I slide into my seat and pick up my glass of wine, taking a sip and sighing happily. “Last time I checked, Teddy Bear, thoughts are not against the law.”
Amusement and…something else passes through his expression before he takes a sip of his own wine. “No, thoughts aren’t against the law,” he agrees softly.
I don’t even bother opening my menu. I’ve been thinking about a celebratory lobster all day long. Considering how much ramen I’ve been eating so I can make sure my mom has money in her bank account, I think I’ve more than earned it.
“Dinner’s on me,” Teddy says, no doubt reading my thoughts because he’s Teddy, and as far as I can tell, there’s nothing he can’t do. Although, there are a few things I haven’t tested out yet, so I could be wrong. Speaking of which…
“Did you give the friends-with-benefits thing any thought?” I ask, and he snorts into his glass of wine.
“That was a seamless transition.” He grabs a napkin and mops up his shirt.
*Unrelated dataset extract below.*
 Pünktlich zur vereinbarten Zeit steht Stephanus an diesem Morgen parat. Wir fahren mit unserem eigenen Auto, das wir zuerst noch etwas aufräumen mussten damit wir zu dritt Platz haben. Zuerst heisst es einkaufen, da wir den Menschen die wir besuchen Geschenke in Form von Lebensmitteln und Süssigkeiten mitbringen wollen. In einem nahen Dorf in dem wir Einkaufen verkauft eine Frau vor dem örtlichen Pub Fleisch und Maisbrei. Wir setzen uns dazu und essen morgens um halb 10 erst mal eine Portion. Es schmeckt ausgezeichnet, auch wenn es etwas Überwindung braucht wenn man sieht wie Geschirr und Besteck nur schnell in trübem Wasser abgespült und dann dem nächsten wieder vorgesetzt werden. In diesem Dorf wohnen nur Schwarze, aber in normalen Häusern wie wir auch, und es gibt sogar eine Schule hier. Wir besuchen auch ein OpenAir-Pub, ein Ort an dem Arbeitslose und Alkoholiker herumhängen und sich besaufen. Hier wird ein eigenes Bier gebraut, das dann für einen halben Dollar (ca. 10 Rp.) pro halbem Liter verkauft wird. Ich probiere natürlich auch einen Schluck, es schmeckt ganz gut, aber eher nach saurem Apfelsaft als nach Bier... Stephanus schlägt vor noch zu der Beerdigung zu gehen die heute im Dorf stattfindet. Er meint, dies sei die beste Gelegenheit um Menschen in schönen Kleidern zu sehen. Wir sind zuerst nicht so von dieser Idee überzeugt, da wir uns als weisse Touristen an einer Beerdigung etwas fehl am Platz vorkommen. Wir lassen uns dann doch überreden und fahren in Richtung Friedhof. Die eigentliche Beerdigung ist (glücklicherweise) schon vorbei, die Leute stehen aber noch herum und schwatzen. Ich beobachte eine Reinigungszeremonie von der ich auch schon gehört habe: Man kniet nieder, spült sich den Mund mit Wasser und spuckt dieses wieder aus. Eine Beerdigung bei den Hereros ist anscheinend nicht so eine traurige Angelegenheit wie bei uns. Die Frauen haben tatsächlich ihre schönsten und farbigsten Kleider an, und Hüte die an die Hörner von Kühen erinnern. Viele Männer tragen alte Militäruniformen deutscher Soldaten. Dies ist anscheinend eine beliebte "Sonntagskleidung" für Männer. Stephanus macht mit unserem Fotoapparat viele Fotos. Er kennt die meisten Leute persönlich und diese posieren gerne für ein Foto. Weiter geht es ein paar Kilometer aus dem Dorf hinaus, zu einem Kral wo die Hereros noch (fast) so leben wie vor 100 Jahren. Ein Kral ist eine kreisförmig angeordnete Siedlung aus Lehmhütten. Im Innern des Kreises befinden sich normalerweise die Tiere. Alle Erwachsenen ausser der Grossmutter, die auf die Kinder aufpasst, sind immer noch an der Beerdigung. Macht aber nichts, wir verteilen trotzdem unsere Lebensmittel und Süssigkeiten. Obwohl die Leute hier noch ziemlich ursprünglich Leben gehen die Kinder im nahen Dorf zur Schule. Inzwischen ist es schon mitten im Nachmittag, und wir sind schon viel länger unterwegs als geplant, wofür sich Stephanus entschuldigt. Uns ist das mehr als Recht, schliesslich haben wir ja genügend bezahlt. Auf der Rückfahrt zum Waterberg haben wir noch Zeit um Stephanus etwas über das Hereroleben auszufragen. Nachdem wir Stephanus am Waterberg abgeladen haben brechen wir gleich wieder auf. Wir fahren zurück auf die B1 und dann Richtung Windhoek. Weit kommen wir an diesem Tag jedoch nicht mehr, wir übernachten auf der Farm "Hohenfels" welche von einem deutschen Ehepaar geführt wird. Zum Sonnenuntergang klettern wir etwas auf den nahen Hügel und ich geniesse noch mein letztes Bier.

“There was a train of thought involved,” I assure him with a smirk.
“I’m sure there was. And yes, I did give it some thought.” He picks up his own menu, holding it up high enough that I can’t see his face anymore.
With a little huff, I put my hand on his menu and push it down. “And?”
“And…if you’re sure that’s something you want to do, I’m cool with it.” He keeps his eyes fixed on the words in front of him, and his tone is the epitome of casual, but it almost looks like his cheeks turn a little pink behind his beard.
“Cool,” I say just as nonchalantly, grinning against the rim of my glass as I take another sip.
I don’t know why we didn’t think of this before. It makes perfect sense. It’s the ideal addition to our already perfect friendship. “And you’re not paying for my dinner. I’m about to become a fabulously successful director. I should be buying your dinner.”
He makes a low rumble in his throat that sounds like a growl. We both know that as soon as I get up to use the restroom, he’s going to slip the waiter his credit card so I never get the chance to pay, and then I’ll insist on at least leaving the tip so I don’t feel like a total leech. Marnie says we’re like an old married couple, whatever that means.